Секс с тобой часто казался мне чудом. Могу я так сказать? Я так говорю. Людям, похожим друг на друга, наверное, не очень нужно, чтобы между телами совершался жертвенный обряд, наступало просветление (пока я не встретила тебя, любовь представлялась мне светящейся рукой или когтем, которые должны вцепляться в меня в темноте, но теперь не так; слыша слово «любовь», я представляю себе, что сама должна сделать шаг навстречу свету. Да знаю я, знаю). Мы делали друг с другом все. Но полного совпадения не случилось. Иногда, когда ты крепко меня обнимал или я обхватывала пальцами твою шею, я обнаруживала в твоих глазах то, о чем все время забывала: ты явился из тьмы, а я только примазалась безбилетным пассажиром.

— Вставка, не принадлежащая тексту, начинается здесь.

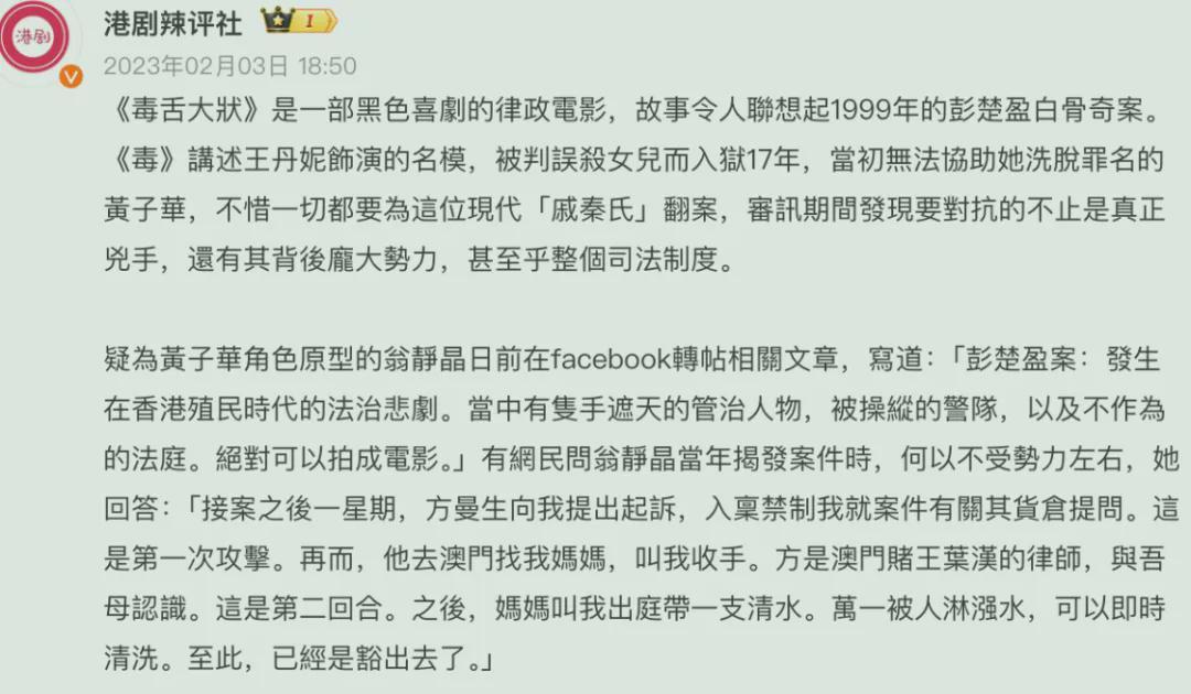这个案子,后来被改编成《毒舌大状》,黄子华的角色原型,就是翁静晶。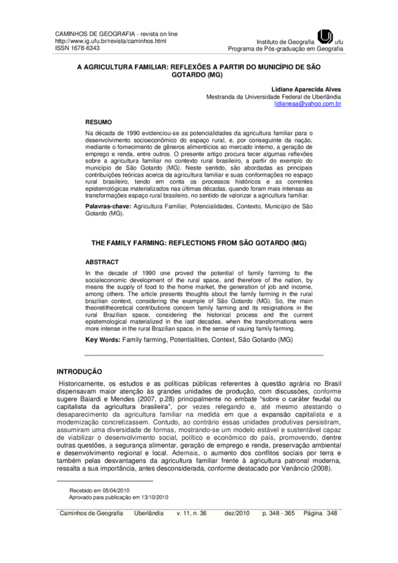 A AGRICULTURA FAMILIAR: reflexões a partir do município de São Gotardo (MG)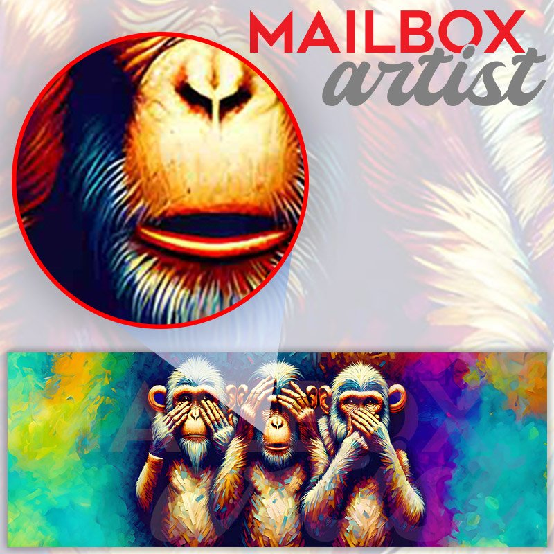 This Three Wise Monkeys mailbox design was created by Krisztina Soos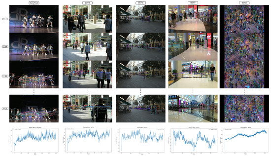 Qualitative trajectory tracking results of ReTrackVLM on DanceTrack, MOT15, MOT16, MOT17, and MOT20 datasets. For each dataset, trajectories are visualized at t = 1, t = 100, t = 200, and t = N, with N representing the total frame count (except for MOT20, where t = N is excluded due to excessive overlap). Below the visualizations, the number of tracks per frame is plotted, reflecting the session’s complexity and total duration.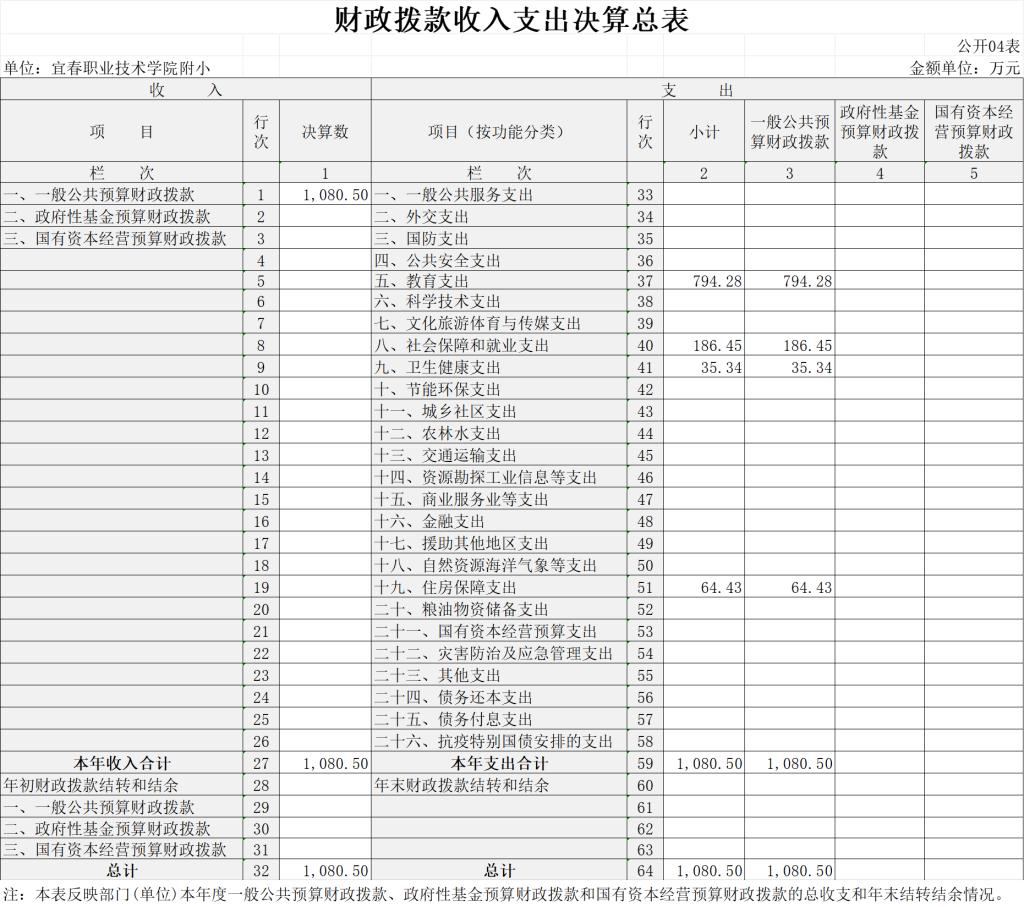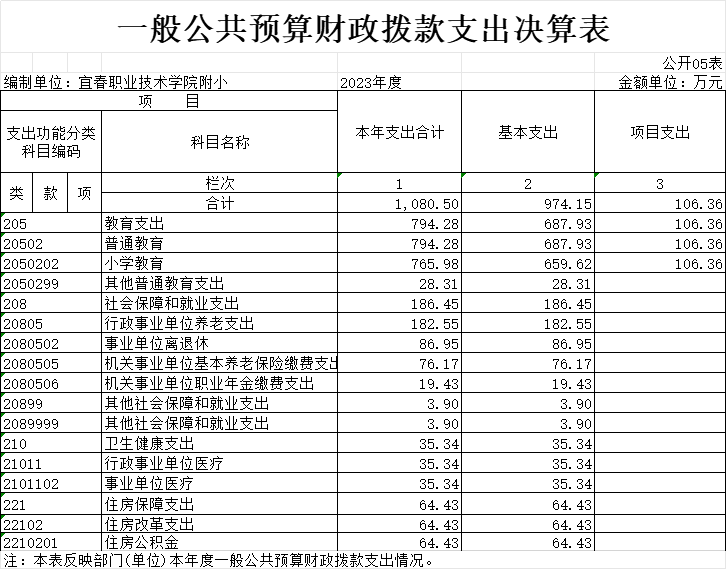 本单位2023年度财政拨款本年支出年初预算数1080.50万元,决算数1080.50万元,完成年初预算的100%。其中: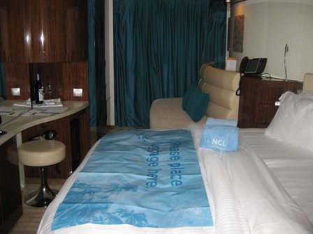 Staterooms are different. They designed these to have a curve in the wall so that there is more of a circular feeling to them vs. a block; and the bathroom is not really a room. You have a stand alone shower and a toilet cubby area on each side of the front door as you walk in and then as you get just past those you have your sink with medicine cabinet, which is just one step away from the bed. There is not a lot of wiggle room around the bed and with two of us in the cabin we did find we had to get out of each other’s way often when getting ready for the day or evening. The closet is all the way in near the balcony and although I did like the layout of the closet and the great amount of space, Most people would want their clothes close to the shower/bathroom area. I know that my cabin could accommodate a third person on the couch, but I would never recommend it, there just is not enough room for three people. The balcony was a good size- we once again had an aft-facing balcony and this time it fell in between the size of our gigantic balcony on Celebrity Infinity and our smaller, disappointing balcony on the MSC Poesia. I know it’s a gamble with those locations, but I still love that view! I do think that NCL will find that the bathroom idea is going to cost them in the long run, the ship is not quite a year old yet and the entry way of our cabin floor was bubbled- from water dripping when one gets out of the shower- it can’t be helped. I did not get a chance to view the Villas, but did get a picture of their Private Courtyard by taking one from the fence above.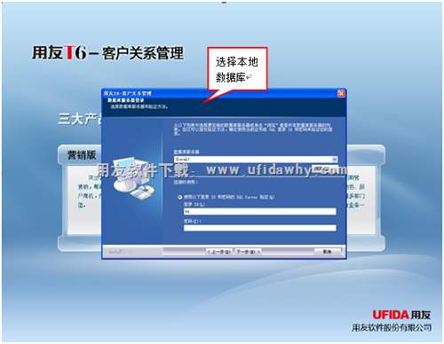 8、選擇本地數(shù)據(jù)庫服務器,如下圖,在數(shù)據(jù)庫服務器處輸入(local),登錄ID為SA,如果是按前面的教程安裝的數(shù)據(jù)庫,則密碼處不用填寫,如果是自己安裝的數(shù)據(jù)庫設置過SA密碼,請在密碼處輸入數(shù)據(jù)庫SA密碼,如果不記得,請參照修改SA口令的教程進行操作,填寫數(shù)據(jù)庫管理員登錄賬號后,點擊【下一步】,如下圖所示: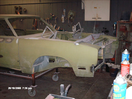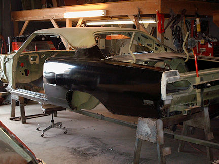 So on a cold January 16th day in 2009, the GTX left for Carroll. Several unforeseen things slowed up the restoration. The first was getting the new AMD sheet metal. The four to six weeks to get the new quarter panel ended up to be six months. However, the wait was worth it as the quality of this new sheet metal is excellent.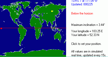 Сервер Lyngemark satellite chart - очень крупный сборник ссылок и справочной информации по спутниковым системам и самим спутникам - где какой находится в данное время, как называется, что обслуживает, список каналов и сервисов и т.п. Вот один из примеров, как выглядит симуляция движения по проекции орбиты на Землю.

Мне кажется, дело тут не в притворстве с моей стороны; скорее, я слегка грешила. Например, подобно неверующему, который, переступив порог храма, открывается происходящему там — и вдруг со стыдом обнаруживает человека, склонившегося перед алтарем в истовой молитве. Или с трудом сдерживающему рыдания туристу на экскурсии в концентрационном лагере. Ты был тем молящимся, ты был теми еврейскими детьми, что смотрят на нас с черно-белой фотографии. Я это чувствовала порой, когда ты смотрел на меня перед тем, как кончить.
Единственным членом семьи, с которым ты меня познакомил, была Рикки. С родителями ты перестал общаться, сначала с отцом, потом с матерью, но о Рикки отзывался тепло. О ее доме в Дрёбаке, где ты на протяжении многих лет жил, когда терял работу — бармена, менеджера по работе с клиентами, рабочего на стройке — и не мог платить за жилье, и тебя вышвыривали на улицу.
Именно Рикки играла тебе, ребенку, Малера и Шёнберга, на ее книжной полке стояли Кафка, Вулф, Беккет и Дикинсон, у нее были видео Хичкока, Бергмана, Вейер и Феллини. Она являлась полной противоположностью твоих родителей, единственное сходство — она пила.
— Главным образом Рикки нужно благодарить за то, что мы познакомились, — сказал ты однажды, когда мы поехали за город навестить ее. Была зима, на дорогах скользко, ты опустил окно со стороны пассажира, выпуская на холод теплый дым и пар. Я свернула на автостраду, переключила скорость.
— Да?
— Да.
Ты выбросил окурок в окно, поднял стекло и съежился на сиденье, пытаясь согреться. На твоем лице играла лукавая улыбка.
— Ты бы ко мне на пушечный выстрел не подошла, если бы у меня не нашлось немного культурного багажа.
Это так; не зная о Рикки, я действительно пребывала в некоем недоумении. Я знала, откуда ты, и никак не могла уяснить, как подобные скудоумие, упертость, косность могли произвести на свет столь светлое и пронзительное существо, как ты сумел прорасти из такого семени.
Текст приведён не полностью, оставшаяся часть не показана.